It seems you are building some mystery right from the start of the series. For you how do you weight how to pace a story for new readers while introducing them to a new world but still holding back information for narrative purposes?
SL: I gave the reader only as much information as was necessary to follow along the story, at any given time. The more you read, the more you learn about the world and the characters in it, which in turn gives increasing heft to the stakes. I find that building up the world, slowly, over the entire course of the story, can be as engaging as the mystery or the plot points themselves.

For anyone familiar with some of your previous work and even a lot of your sketches its very sci-fi themed. What is it about this genre that interests you most as an artist and a storyteller?
SL: I love that sci-fi concerns itself with re-examining what is essential to humans and humanity. From a design standpoint it forces you to re-think the basic form of things, which can be fun. But the interesting challenge, to me, is trying to boil human nature down to basics and exploring what it might look like in a context completely different from our own.
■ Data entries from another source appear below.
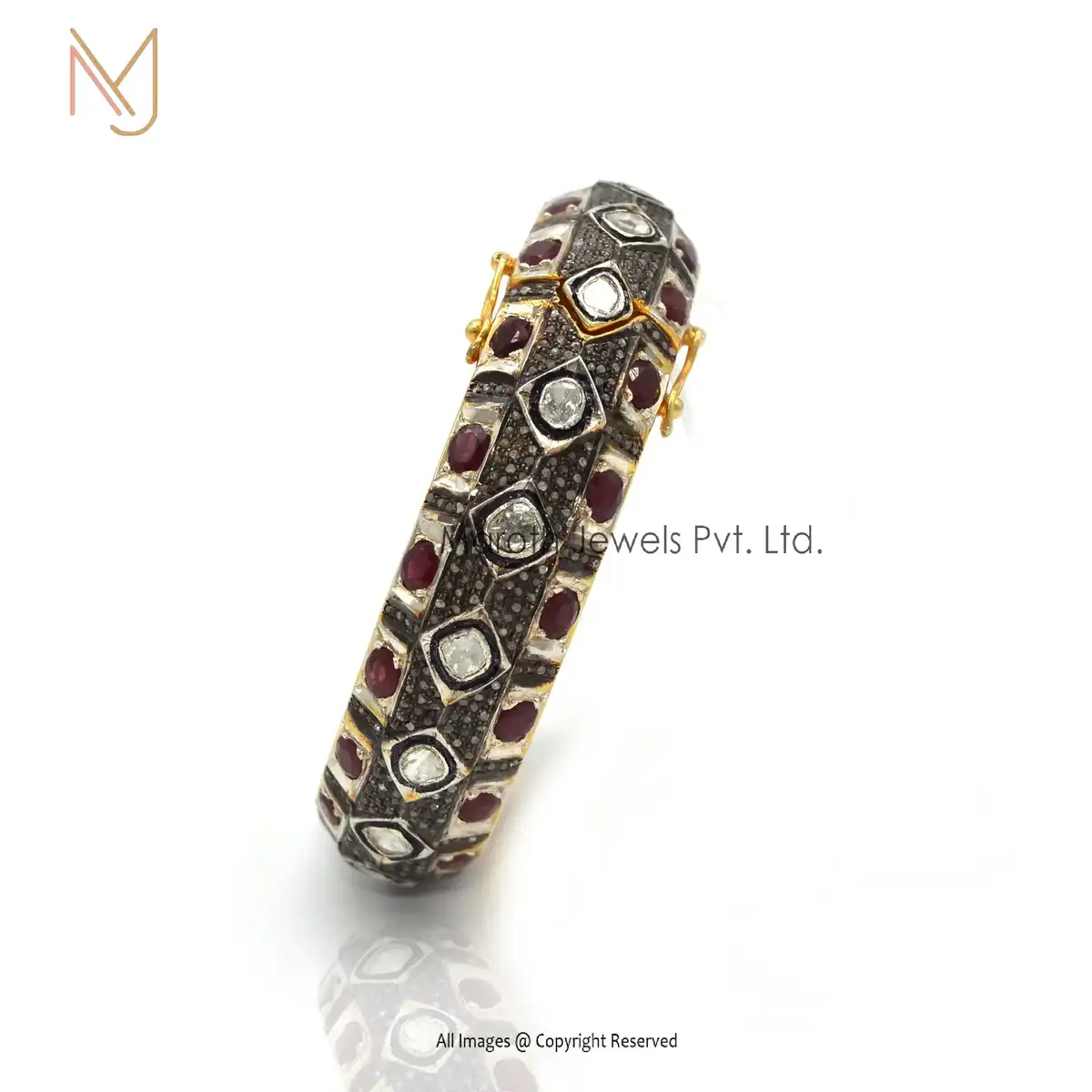 925 Silver Rhodium Yellow Gold Victorian Ruby Gemstone & Rose Cut Diamond Bangle Jewelry Manufacturer
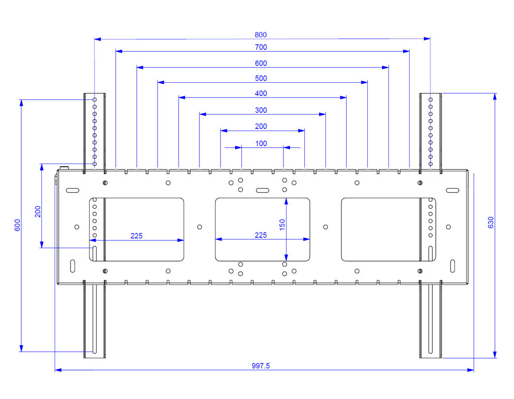 Wall mounting centres (MAX): 905mm(W) x 180mm(H)
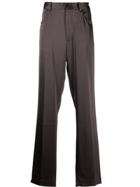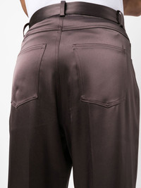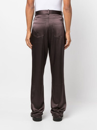 MID-RISE STRAIGHT-LEG TROUSERS FROM NANUSHKA FEATURING COFFEE BROWN, SATIN FINISH, BELT LOOPS, FRONT BUTTON AND ZIP FASTENING, CLASSIC FIVE POCKETS AND STRAIGHT LEG.
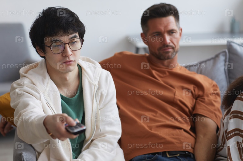 Молодой человек держит пульт дистанционного управления телевизором
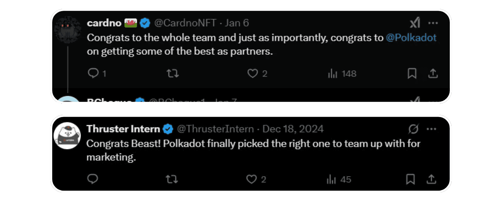 As posts gained traction, community members started calling the activation “a win for Polkadot,” praising the choice of creators and the renewed energy around the ecosystem. The screenshots included here capture that reaction in real time - genuine comments, congratulatory messages, and a clear sense that the narrative was moving in the right direction.

What do you hope readers get out of/think after they read “House Girls”?
SL: I hope it’s inviting and it gets readers to try out more, harder, sci-fi!

In addition to “House Girls” you have some pretty exciting work with other publishers coming up. What can readers expect from you in the way of “House Girls” but also other projects?
SL: I’m working on a short for a “Star Trek” anthology being put out by IDW later this year, and, after that, I’ll be taking over as artist on the Image title “From Under Mountains.” I’m super excited to work with Claire Gibson, and rest assured, the world building has already begun!